バス会社が運転手に対して、不祥事をもみ消すことを条件に、労働組合からの脱退を強要したのは不当労働行為にあたる、と東京都労働委員会が認定した。運転手はじめ労働組合員が1日、厚労省で記者会見をして明らかにした。認定は19日付。
申立人はJRバス関東の運転手、佐藤友宏氏(38歳)。
被申立人はJRバス関東株式会社の代表取締役。
東京都労働委員会の命令書などによると―
佐藤運転手は2018年11月11日と12日、JRバス白河支店近くの喫茶店に支店長から呼び出され、労働組合(JR東労組)からの脱退を強要された。支店長は「脱退すれば不祥事をもみ消してやる」という条件で唆そうとしてきた。
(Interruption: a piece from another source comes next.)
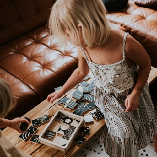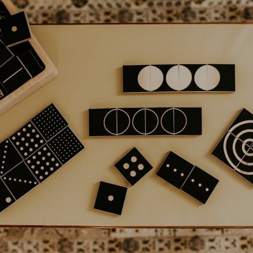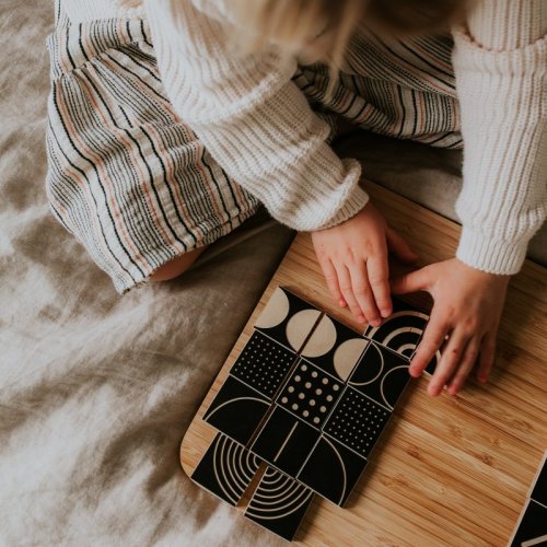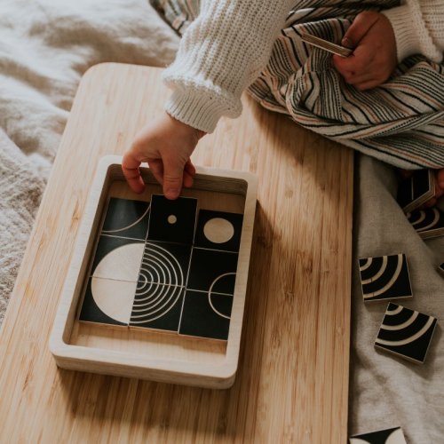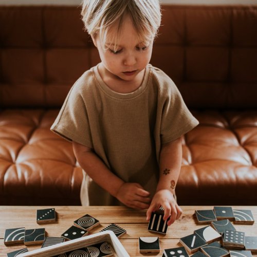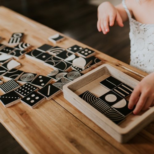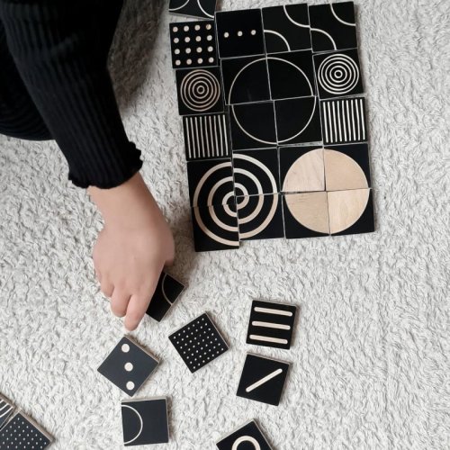 • krásna sada drevených kociek pre rozvoj zraku a logického myslenia

佐藤運転手はバス回送中に喫煙し携帯通話をしていた。会社側はドライブレコーダーで監視していたのである。
佐藤運転手は「やったことはやったこととして処分を受けます」と答え、脱退を拒否した。
支店長による脱退強要はヤクザ言葉のような荒っぽい口調だった。音声が録音されていて有力な証拠となった。
佐藤運転手はストレスで体調を崩し2020年2月から今年9月5日まで休職した。9月6日に職場復帰となったが、運転手ではなく、整備助手だった。整備士の免許を持っていないためだ。
佐藤氏は入社して15年間ドライバー一筋だった。「運転手として復帰したい」と話す。
その道のベテランを違う道の助手に回す。人事は会社側の専権事項とはいえ、労働者の人間性を奪うに等しい所業だ。